Your goal - The response should be an exact copy of the records, with the pictures removed.

[Stored items]

[Start of section]

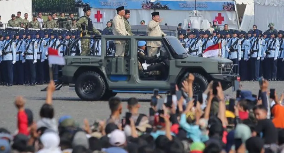 Setibanya di lapangan upacara, Presiden Prabowo langsung menuju mimbar kehormatan dan disambut hangat oleh Wakil Presiden Gibran Rakabuming Raka.
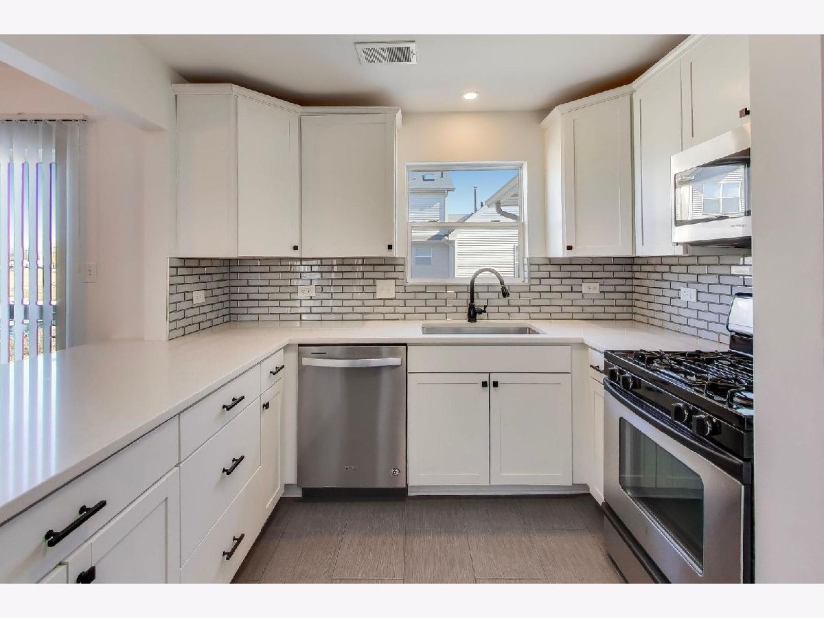 Beautifully updated 2 bedroom, 1.5-bath townhome in the Broken Arrow Navaho Subdivision offers modern finishes and a bright, welcoming layout. A sun filled living room flows seamlessly into a spacious dining area. The updated kitchen features quartz countertops, classic shaker cabinetry, a convenient breakfast bar, and stainless steel appliances, including a new refrigerator. A main-level half bath just off the kitchen and sliding glass doors off the dining room lead to a deck with views of Broken Arrow Golf Course. Newer carpeting runs throughout the second level with two generously sized bedrooms and a full bathroom. The sundrenched primary bedroom boasts cathedral ceilings and two closets. The refreshed laundry room includes a new washer and dryer, along with additional storage space under the stairs. Enjoy the convenience of an attached two-car garage and a quiet setting near the end of a cul-de-sac. Located within Lockport Township High School District and just minutes from charming downtown Lockport's restaurants and shopping, as well as easy access to I-355. A charming, move-in-ready home in a peaceful location.
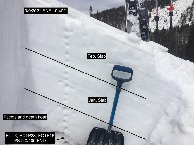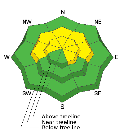The avalanche danger is MODERATE but expect a rising danger over the next few days. Be alert to changing conditions and increasing signs of instability such as blowing and drifting snow and cracking in the snow surface. Strong southerly winds are creating fresh deposits of wind drifted snow on northerly aspects near and above treeline. As more snow accumulates, drifts will become more sensitive and more widespread. Look for them on the leeward sides of ridge crests and terrain features such as gully walls and sub ridges and avoid steep slopes with recent deposits of wind drifted snow. On steep slopes facing NW-N-E-SE it is still possible to trigger an avalanche on a buried persistent weak layer. Thin snowpack areas near rock outcroppings and along slope margins are likely trigger points. Avoid steep convexities and blind break overs.
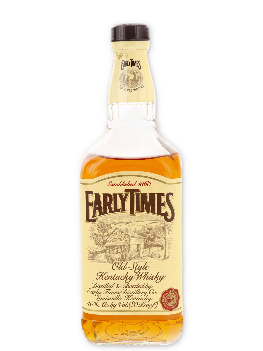The name Early Times was chosen as a tribute to the old-fashioned method of making whisky-- in other words the hard way. Although most brands have abandoned mashing grain in small tubs and distilling the whisky in copper stills over open fires, Early Times still holds on to tradition without the painstaking work.
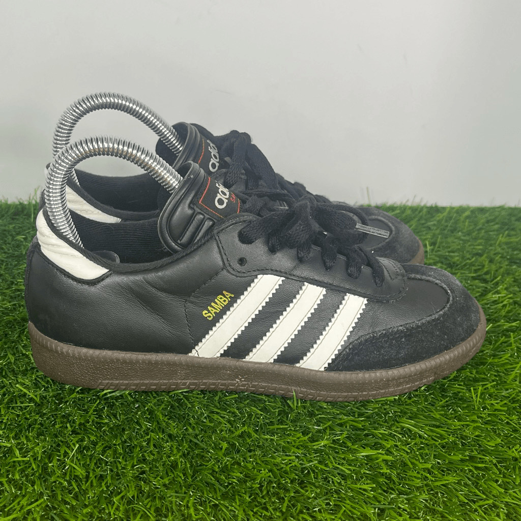 как выглядит Adidas Samba Classic kid size 3 Black White Gum Athletic Leather Shoes Sneaker фото
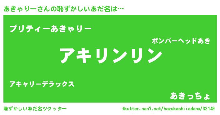 | 男性向けラノベタイトル風あだ名 | 『あきゃりーの嫁は女の子じゃないと思った?』 |
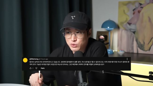 그러면서 "일단 그렇게 되고 나니까 정말 빨리 익혔다. 애들이 다 그렇듯이. 아이들은 언어를 정말 엄청 빨리 익힌다. 그래서 이중언어 사용자가 되길 원하신다면 그냥 역할을 나눠서 아이와 그 언어로 대화해 달라. 그러면 아이도 자연스럽게 익힐거다. 걱정하지 마라"고 응원했다.
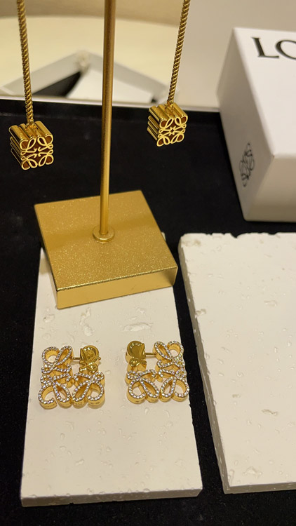 Loewe gold diamond cube earrings-3718
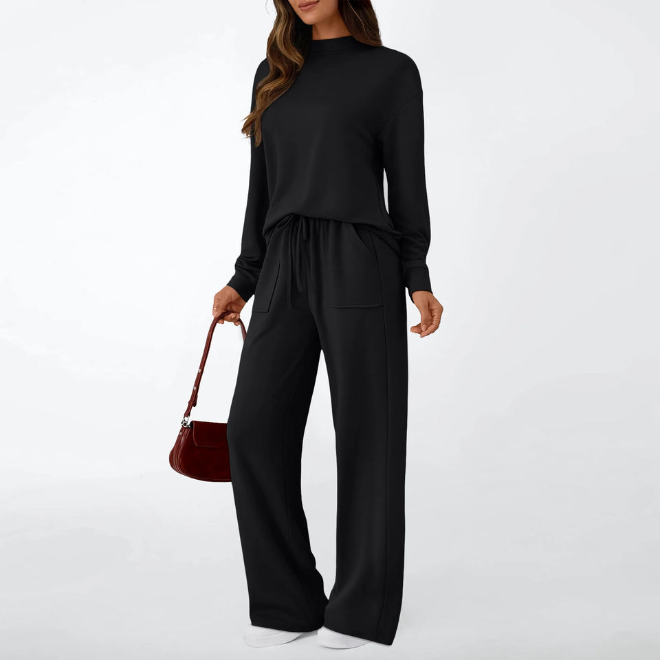 ชุดเซ็ต 2 ชิ้นสำหรับผู้หญิง ฤดูใบไม้ผลิ/ฤดูใบไม้ร่วง เสื้อแขนยาวคอกลมจีบระบาย และกางเกงขายาวเอวยางยืด สวมใส่สบายๆ
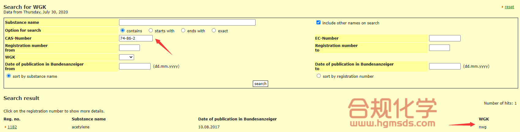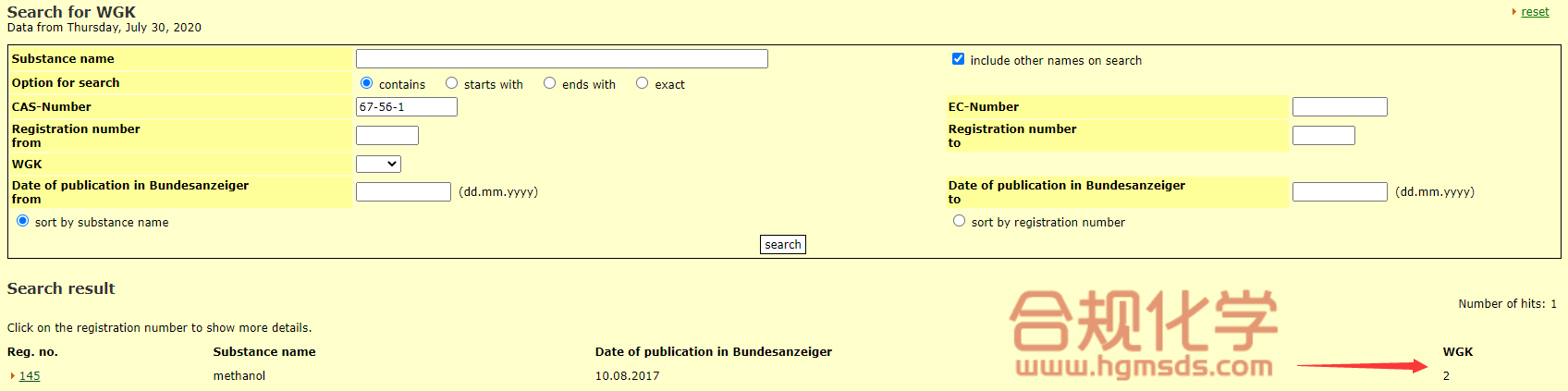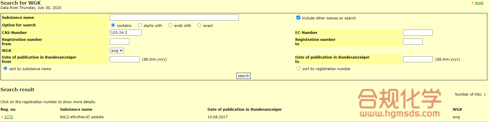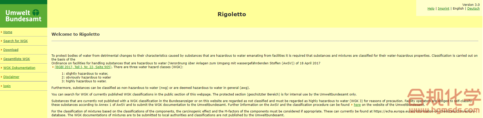 为了方便企业确定物质的AwSV危害分类以及WGK类别,德国官方提供了网络检索平台,大概含有8700多个常见化学品,具体步骤如下:
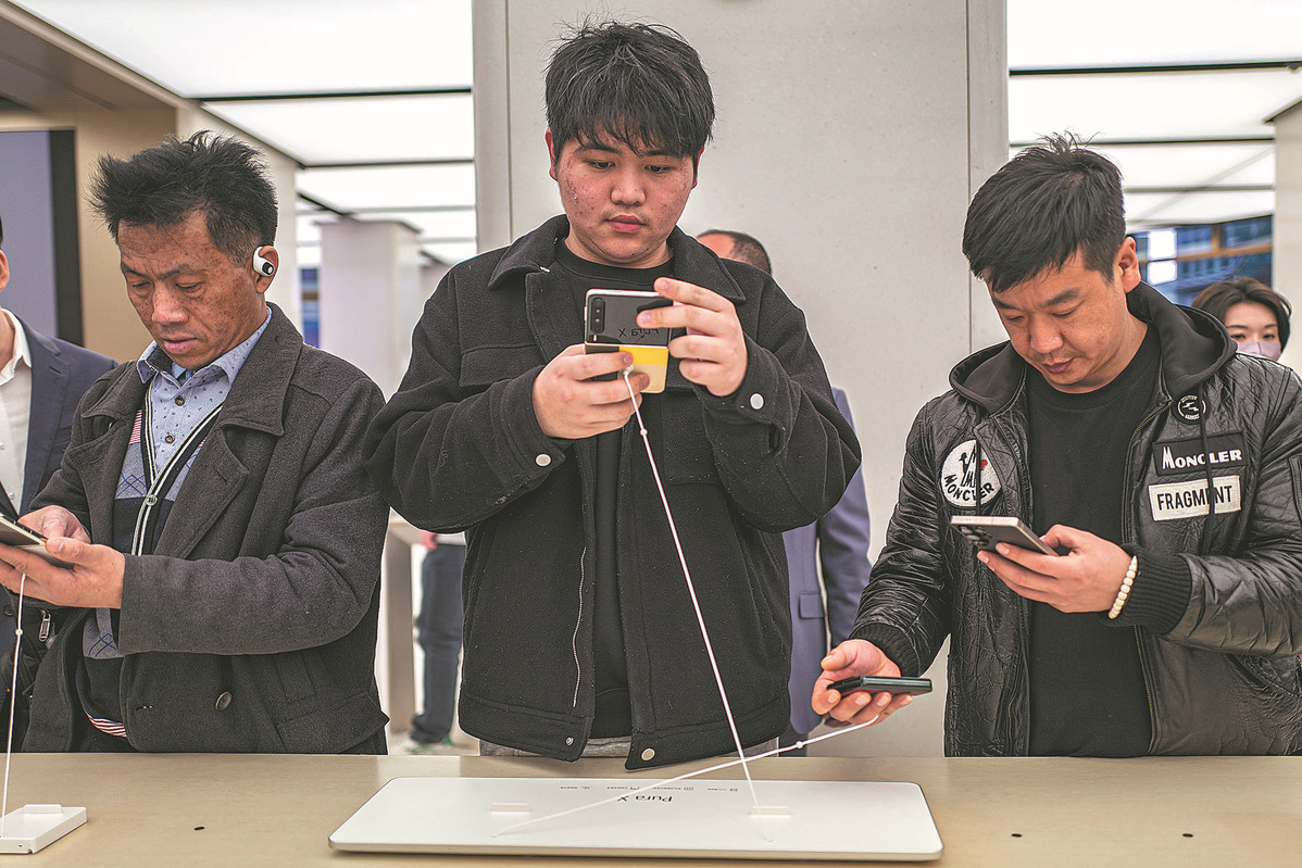 Consumers experience the Huawei Pura X, a foldable phone that can be used both horizontally and vertically, at a Huawei mobile store in Shanghai on March 20. CHINA DAILY

[End of section]

Answer for this exercise -
 Setibanya di lapangan upacara, Presiden Prabowo langsung menuju mimbar kehormatan dan disambut hangat oleh Wakil Presiden Gibran Rakabuming Raka.
 Beautifully updated 2 bedroom, 1.5-bath townhome in the Broken Arrow Navaho Subdivision offers modern finishes and a bright, welcoming layout. A sun filled living room flows seamlessly into a spacious dining area. The updated kitchen features quartz countertops, classic shaker cabinetry, a convenient breakfast bar, and stainless steel appliances, including a new refrigerator. A main-level half bath just off the kitchen and sliding glass doors off the dining room lead to a deck with views of Broken Arrow Golf Course. Newer carpeting runs throughout the second level with two generously sized bedrooms and a full bathroom. The sundrenched primary bedroom boasts cathedral ceilings and two closets. The refreshed laundry room includes a new washer and dryer, along with additional storage space under the stairs. Enjoy the convenience of an attached two-car garage and a quiet setting near the end of a cul-de-sac. Located within Lockport Township High School District and just minutes from charming downtown Lockport's restaurants and shopping, as well as easy access to I-355. A charming, move-in-ready home in a peaceful location.
The avalanche danger is MODERATE but expect a rising danger over the next few days. Be alert to changing conditions and increasing signs of instability such as blowing and drifting snow and cracking in the snow surface. Strong southerly winds are creating fresh deposits of wind drifted snow on northerly aspects near and above treeline. As more snow accumulates, drifts will become more sensitive and more widespread. Look for them on the leeward sides of ridge crests and terrain features such as gully walls and sub ridges and avoid steep slopes with recent deposits of wind drifted snow. On steep slopes facing NW-N-E-SE it is still possible to trigger an avalanche on a buried persistent weak layer. Thin snowpack areas near rock outcroppings and along slope margins are likely trigger points. Avoid steep convexities and blind break overs.
The name Early Times was chosen as a tribute to the old-fashioned method of making whisky-- in other words the hard way. Although most brands have abandoned mashing grain in small tubs and distilling the whisky in copper stills over open fires, Early Times still holds on to tradition without the painstaking work.
 как выглядит Adidas Samba Classic kid size 3 Black White Gum Athletic Leather Shoes Sneaker фото
 | 男性向けラノベタイトル風あだ名 | 『あきゃりーの嫁は女の子じゃないと思った?』 |
 그러면서 "일단 그렇게 되고 나니까 정말 빨리 익혔다. 애들이 다 그렇듯이. 아이들은 언어를 정말 엄청 빨리 익힌다. 그래서 이중언어 사용자가 되길 원하신다면 그냥 역할을 나눠서 아이와 그 언어로 대화해 달라. 그러면 아이도 자연스럽게 익힐거다. 걱정하지 마라"고 응원했다.
 Loewe gold diamond cube earrings-3718
 ชุดเซ็ต 2 ชิ้นสำหรับผู้หญิง ฤดูใบไม้ผลิ/ฤดูใบไม้ร่วง เสื้อแขนยาวคอกลมจีบระบาย และกางเกงขายาวเอวยางยืด สวมใส่สบายๆ
 为了方便企业确定物质的AwSV危害分类以及WGK类别,德国官方提供了网络检索平台,大概含有8700多个常见化学品,具体步骤如下:
 Consumers experience the Huawei Pura X, a foldable phone that can be used both horizontally and vertically, at a Huawei mobile store in Shanghai on March 20. CHINA DAILY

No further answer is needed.